– Я имею в виду именно то, что говорю: когда она говорила мне, что у нее нет никакого личного интереса…
– Она вам поклялась? – прервал ее лорд Марк.
Милли никак не могла понять, зачем ему нужно все так у нее выспрашивать, но ради Кейт все-таки решила ответить:
– Она не оставила у меня никаких сомнений в том, что она совершенно свободна.
– И тем самым никаких сомнений в том, что свободны вы?

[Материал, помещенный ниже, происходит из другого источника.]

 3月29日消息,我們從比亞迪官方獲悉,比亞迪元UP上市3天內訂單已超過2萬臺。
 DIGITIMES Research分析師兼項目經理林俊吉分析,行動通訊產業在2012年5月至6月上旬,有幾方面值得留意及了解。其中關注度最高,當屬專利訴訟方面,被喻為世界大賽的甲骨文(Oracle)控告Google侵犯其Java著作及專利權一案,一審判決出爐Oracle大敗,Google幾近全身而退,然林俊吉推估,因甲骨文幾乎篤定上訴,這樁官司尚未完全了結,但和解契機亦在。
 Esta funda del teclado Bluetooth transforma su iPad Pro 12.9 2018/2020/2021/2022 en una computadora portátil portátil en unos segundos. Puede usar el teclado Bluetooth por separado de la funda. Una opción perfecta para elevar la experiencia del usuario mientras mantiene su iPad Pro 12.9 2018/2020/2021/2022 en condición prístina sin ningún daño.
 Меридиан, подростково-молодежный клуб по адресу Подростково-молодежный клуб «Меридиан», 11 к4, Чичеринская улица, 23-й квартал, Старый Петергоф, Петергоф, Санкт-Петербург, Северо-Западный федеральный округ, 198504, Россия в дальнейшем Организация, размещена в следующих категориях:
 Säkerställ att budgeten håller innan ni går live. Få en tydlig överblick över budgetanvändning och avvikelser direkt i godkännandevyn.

Похоже было, что, как только он произнес это, он почувствовал, что вроде бы совершил ошибку, и Милли сама не смогла бы сказать, насколько брошенный на него сердитый взгляд дал ему это понять. Тем не менее он не позволил этому взгляду активно действовать дальше, сказав:
– Все это прекрасно, но с чего бы вдруг, милая леди, надо было ей клясться вам в этом?

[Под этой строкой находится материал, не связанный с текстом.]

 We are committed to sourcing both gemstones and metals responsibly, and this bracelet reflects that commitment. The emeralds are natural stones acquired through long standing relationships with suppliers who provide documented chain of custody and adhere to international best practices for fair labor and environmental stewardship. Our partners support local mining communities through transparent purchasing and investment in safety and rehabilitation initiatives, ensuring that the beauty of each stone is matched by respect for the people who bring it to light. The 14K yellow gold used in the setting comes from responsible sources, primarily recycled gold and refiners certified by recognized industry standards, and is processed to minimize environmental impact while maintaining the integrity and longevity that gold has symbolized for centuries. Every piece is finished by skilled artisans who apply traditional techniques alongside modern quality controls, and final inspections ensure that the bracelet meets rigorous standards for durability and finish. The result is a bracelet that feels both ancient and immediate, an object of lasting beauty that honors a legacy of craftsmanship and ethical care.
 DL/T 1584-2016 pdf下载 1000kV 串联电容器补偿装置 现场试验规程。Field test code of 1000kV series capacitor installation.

Милли пришлось принять это «милая леди» как обращение к ней самой, хотя он должен был бы с изяществом отнести эти слова к опороченной им Кейт. И снова ей пришло в голову, что она вынуждена взять на себя часть этого позора.
– Потому что, как я уже сказала, мы с нею такие большие друзья.
– О! – произнес лорд Марк, и вид у него в этот миг был такой, будто это объяснение могло свидетельствовать как раз об отсутствии такой близости.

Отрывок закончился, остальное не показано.